Es ist überraschend, dass Brände, die Waldpflanzungen zerstören, gleichzeitig neuen Pflanzen eine Chance zum Leben geben, die im Schatten ihrer reiferen Verwandten nicht wachsen könnten. Andererseits hat der Mensch die Naturlandschaft in den letzten 500 Jahren so stark verändert, dass genügend Platz für Samen vorhanden ist, die nicht auf das Feuer warten, um zu landen und zu einer neuen Sandkiefer zu keimen.
Nutzung
Sandkiefer ist aus mehreren Gründen (Buschigkeit des Busches, Krümmung der Stämme in Richtung der vorherrschenden Winde) nicht als Holz geeignet, wird aber von unternehmungslustigen Menschen aktiv für die Zellstoffindustrie genutzt. Darüber hinaus dient Holz als Brennstoff zur Beheizung von Wohnräumen.

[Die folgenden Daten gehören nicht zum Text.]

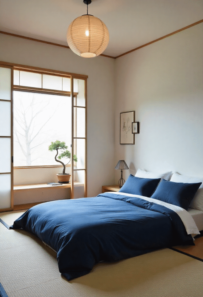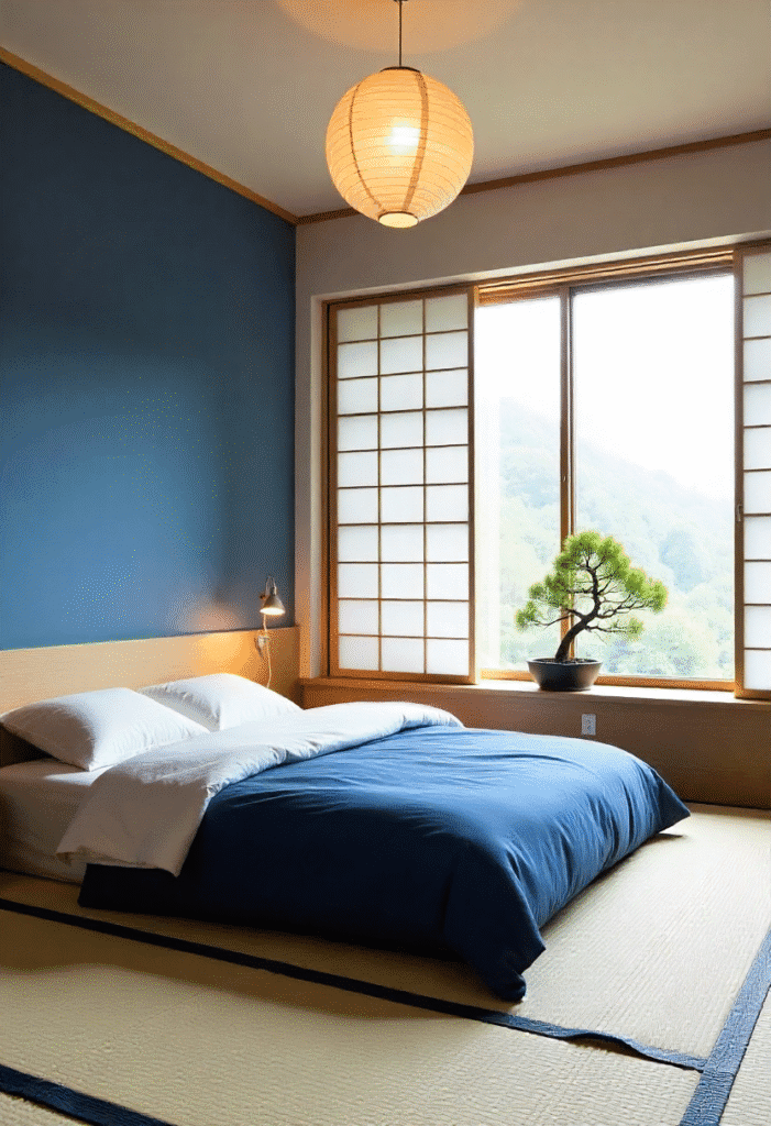 Here, simplicity feels spiritual. The room features white shoji screens, tatami-inspired flooring, and a futon set low to the ground. Indigo textiles bring balance to the soft whites and natural wood tones. A paper lantern above the bed casts a calm, diffused light that feels like moonlight caught in fabric. Every element is intentional, nothing excessive, only peaceful balance. It feels like a space where time slows and breathing deepens naturally.

Um günstigere Lebensbedingungen für den Baum zu schaffen, wird Sandkiefer angebaut, um die Bäume als Weihnachtsbäume zu verwenden. Da sie es gewohnt ist, unter natürlichen Bedingungen Trockenperioden auszuhalten, reagiert die Sandkiefer im ersten Lebensjahr dankbar auf Wassergaben und wächst dann schneller, üppiger und eleganter, auch wenn sie in der offenen Sonne wachsen muss.